In effect, Section 34(K) of the tax Code, as amended, provides that if an
expense is subject to withholding tax, it will not be allowed as a deduction
for income tax unless it could be shown that withholding taxes has been
paid to the BIR. This explains why assessment of withholding tax has a dual
effect disallowance of expense deduction in income tax computation for
failure to withhold, and assessment for withholding tax liabilities. Upon

payment of withholding taxes, the income tax assessment based on failure


to withhold is automatically dropped.

7. Exclusive enumeration of items subject to withholding taxes.
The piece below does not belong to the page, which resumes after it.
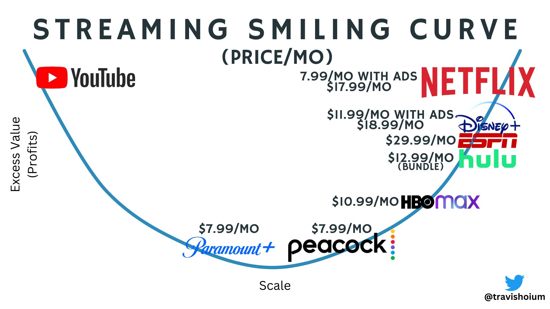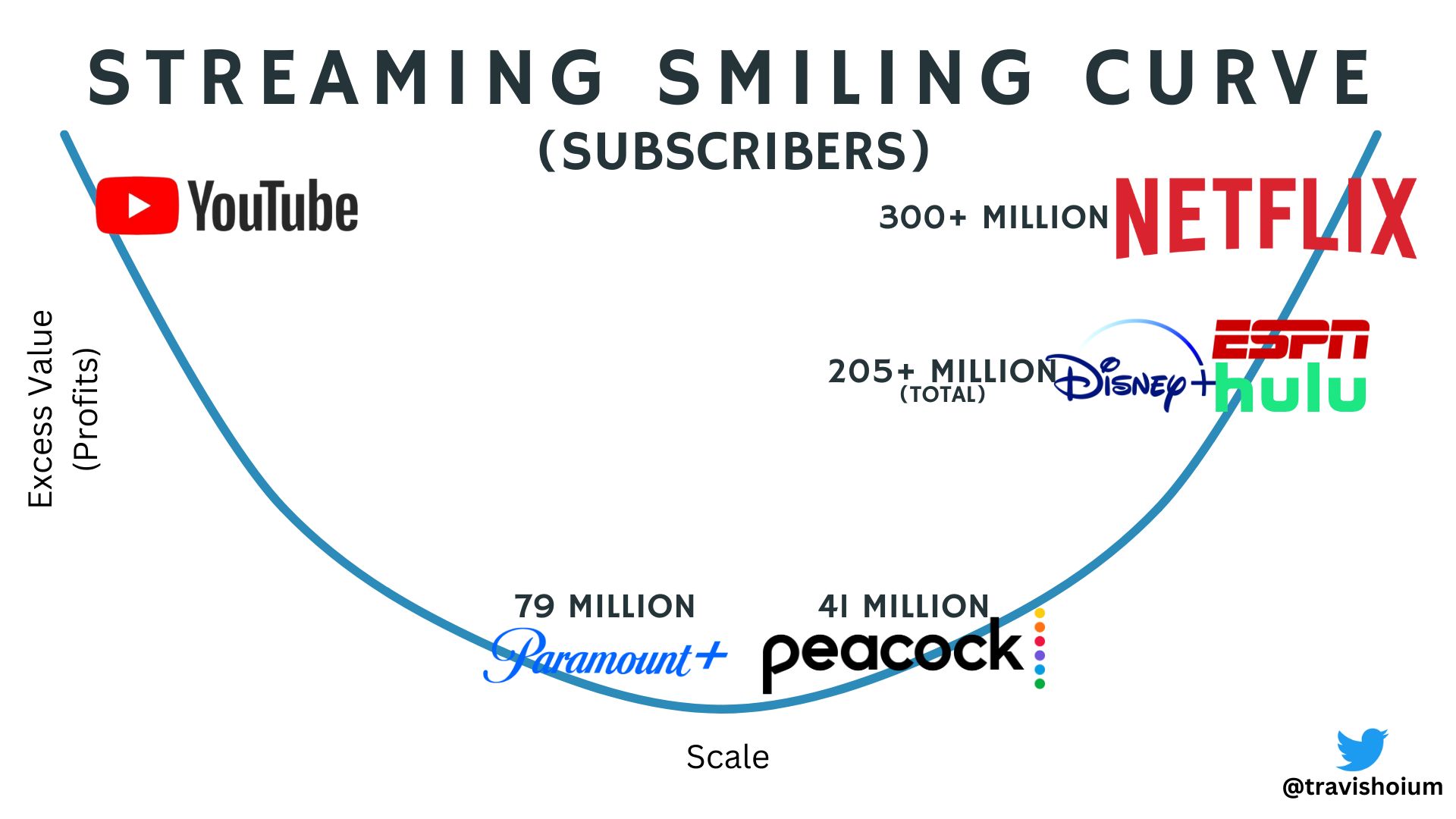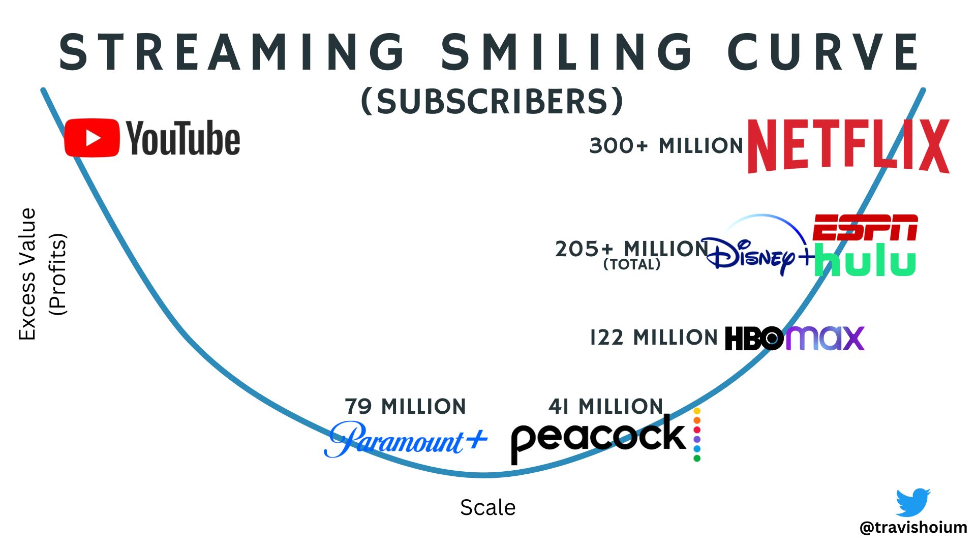 The subscriber numbers tell part of the story, but the reason the smiling curve is so instructive is that it shows not only the companies with the most users/subscribers, but also how that user base translates to better content and ultimately higher prices and exponentially higher revenue overall.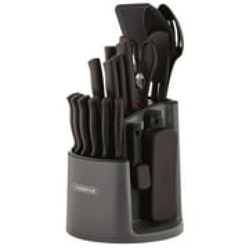 Farberware Classic 30-Piece Spin-N-Store Rotating Carousel Stainless Steel Knife Set & Tool Set Gray

Revenue Regulations 2-98, as amended, is the main regulation enumerating
the income payments subject to creditable withholding tax. Enumeration of
expanded withholding tax therein is exclusive and whatever is not included
is deemed not subject to creditable withholding tax. This means to say that
as a rule, not all expenses are subject to withholding. Exception to this rule
is the rule on Top Twenty Thousand Corporation (TTC) or Top Five
Thousand Individuals duly selected and notified as such by the BIR. On top
of those enumerated in Revenue Regulations 2-98, as amended, they are
mandated to withhold on income payments to regular supplies of goods
1% or of services 2%, and from casual purchases amounting to 10,000 in
a single transaction.

Failure of the taxpayer to comply the obligation to withhold would expose a
taxpayer-agent with the following consequences:
Non-deductibility of a business expense for income tax computation for
failure to withhold until after payment of the withholding tax and related
penalties;
Payment of the basic withholding tax that should have been withheld;
One-time surcharge of 25%, or 50% for wilful neglect or fraudulent filing;
Interest on 20% on annual basis based on the basic withholding tax that
should have been withheld;
Compromise penalties ranging from 200 to 50,000 based on the amount
of basic withholding tax that should have been withheld;
Or worst, criminal prosecution and imprisonment for wilful neglect or
fraudulent filing of withholding tax returns
You would not enjoy paying the above penalties, and wasting your hard
earned money from your business undertakings and simple ignorance of
the above obligation. Its the proper time now to educate and you have all
the time and opportunity to do it before it is too late.